- Interactive map of Pocomoke State Forest, Maryland, United States
- Location: Maryland
- Nearest city: Salisbury
- Area: Eastern Shore of Maryland
- Governing body: Maryland Department of Natural Resources

= Pocomoke State Forest =

Protected area in Maryland, United States

Pocomoke State Forest is a state forest of Maryland that lies on both banks of the Pocomoke River in Worcester County. The portion north of the Pocomoke lies between Dividing and Nassawango Creeks. The Pocomoke River Wildlife Management Area borders the southern portion of the forest.

With 17676 acre wooded between Snow Hill and Pocomoke City, the state forest is famous for its stands of loblolly pine and for its cypress swamps, which border the Pocomoke River. The river originates in the Great Cypress Swamp in Delaware and flows southwesterly 45 mi to the Chesapeake Bay.

Five areas in the forest, including the swamp, are designated wildlands areas. The forest's combination of swamp and upland offers a great variety of plant and animal life, including white dogwood and pink laurel in the spring, bald cypress, river otters, and bald eagles.

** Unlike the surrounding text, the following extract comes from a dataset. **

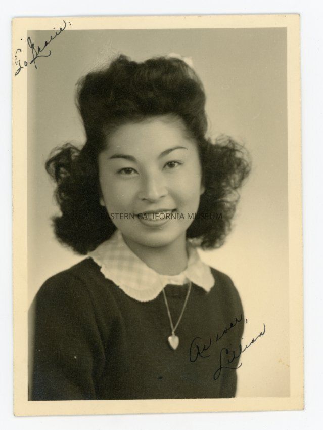 Studio portrait, maybe a school photo, of a young woman wering a heart necklace. Inscribed in upper left "To Gracie" and in lower right "As ever, Lillian."

Before the establishment of the State Forest much of the land had been cleared for farming or used as farm woodlots. When the depression era hit many of the farmers fell on hard times, resulting in the acquisition of large amounts of land by the Federal Government.

In the mid to late 1930s, two Civilian Conservation Camps were located on the Forest. The camp workers did considerable road and trail work, established boundary lines, provided for fire protection and suppression, planted trees and performed recreation improvements at Milburn Landing. At this same time the State was purchasing lands for management activities.

Hunting in season is permitted in the state forest. Also within the forest is the Pocomoke River State Park, which has facilities for camping, boating, and hiking.